The patients benefit. Directly.
They meet me, and others, and relate to our stories. I’ve become quite good at being able to judge certain bits of my story to suit the level of problems and understanding of the people sitting in the meeting. Usually I have fifteen minutes or more of chit chat. Even with my ADHD, the key points of what makes people tick are remembered in my somewhat confused short term memory.
I guarantee them that ANONYMOUS is a true thing and that what is said in the room, stays in the room. This is easy for me. As I truly forget peoples names and faces so quickly that many think it rudeness personified when their happy greetings are not returned in the street a month later. “HEY NZFIEND” is shouted, said, waved. And me…? I say “Hello” like they are my best friend. But don’t honestly remember much. This is good in most instances. New Zealand is small. And meeting people in the meeting whom are fathers, lovers or otherwise associated with people whom live in the same block as me… Or ex gang patch members whom once had fights with me over pissing in the gang pads hallway after sitting in the presidents seat…. Well.
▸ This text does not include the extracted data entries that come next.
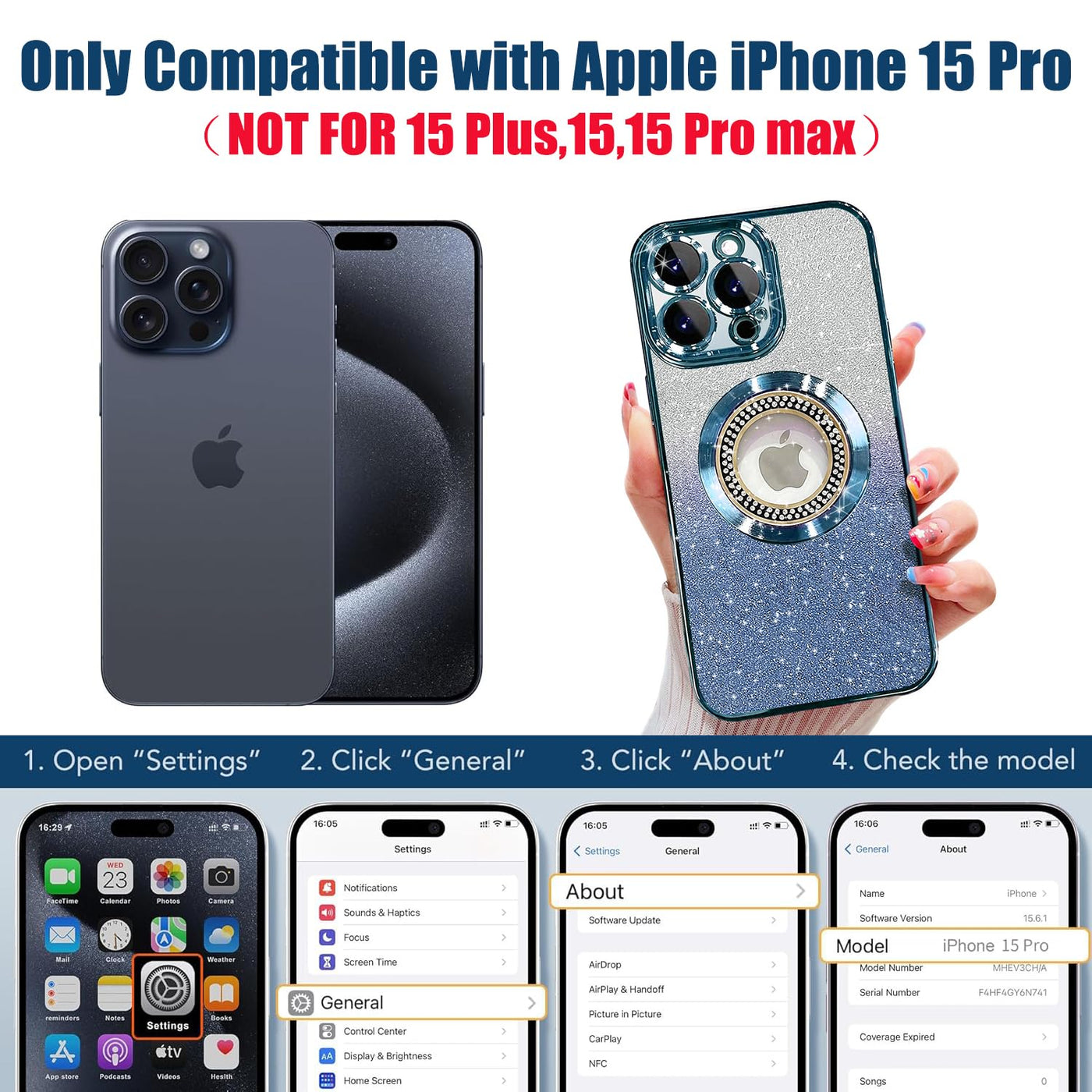 Misscase For Iphone 15 Pro Magnetic Glitter Case Compatible With Magsafe,Full Protection Slim Shockproof Anti-Scratch Case With Camera Lens Protector Logo View Dust-Proof Net For Women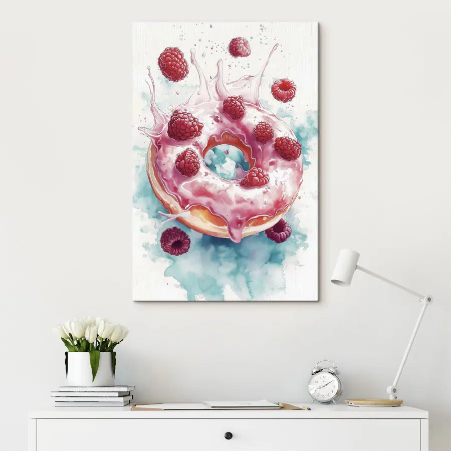 Canvas Schilderijen Schilderij van een donut met frambozen en melkspetters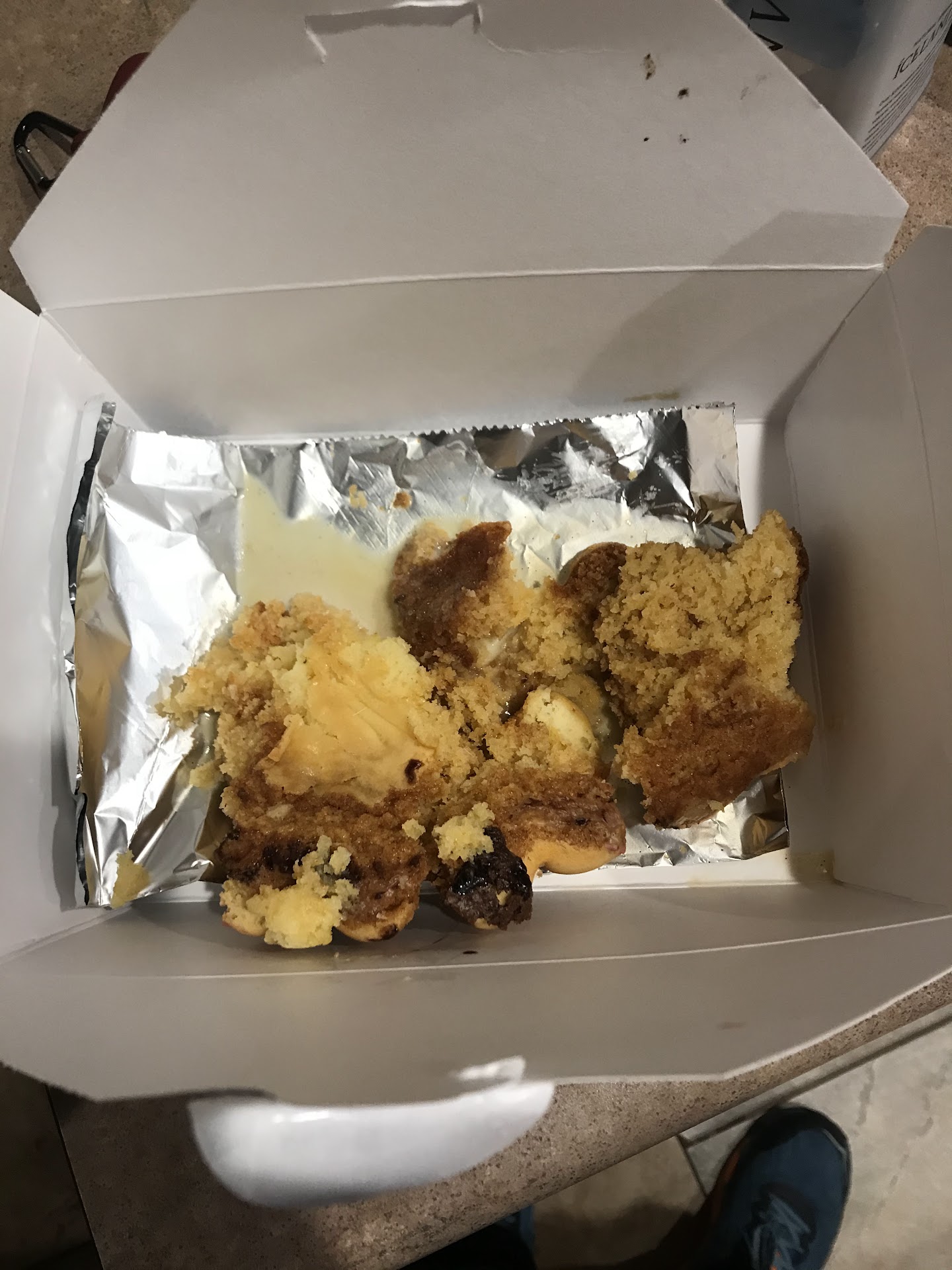 Well, when we got home, I found that the cake was ridiculously deconstructed as shown in the photos below (which we discarded for our instinctive personal safety) and our leftover green beans went missing because they were not in our take home boxes. We still left a significant gratuity because we know what its like to work in the service industry.

It is good not to acknowledge nor give time to this side of my life when dealing with these people outside the meeting. Inside the meeting it is all me relating and sharing my own problems so they can see that N.A meetings are full of people that appear different at first, but are the same in the end… This gets rid of some blocks to their involvement in recovery processes and even brings some of them to meetings once back in the public domain.
But, NZFIEND. This post is boring. Even for you. WHERE IS THE DRAMA?
The drama is that, although the meetings do good for the people in the ward, and ultimately spread the message of N.A, some old timers of N.A say that the meetings are not following the N.A structured format and that the N.A message is not carried strongly enough.
I say that MsT and myself have put a lot of effort into making this format more suitable to the level of concentration and the particular needs of the inpatients. I say that we have done well. I say the meeting structure works better than a rigid N.A one. Most of the time anyway.
Peoples attention spans vary. You have to be fluid.
If half the room erupts with applause when you say “GOD” and the other half starts reciting passages from the bible with deadly accuracy (but somewhat confusing logic) that “prove” GOD is Satan, GOD is crap, or GOD wants to KILL US ALL…….. Well… I spent a long night or two re-writing some literature as to avoid “GOD” a little. Honestly, it has saved a lot of pointless and repetitive discussion about something that requires more than thirty seconds attention span.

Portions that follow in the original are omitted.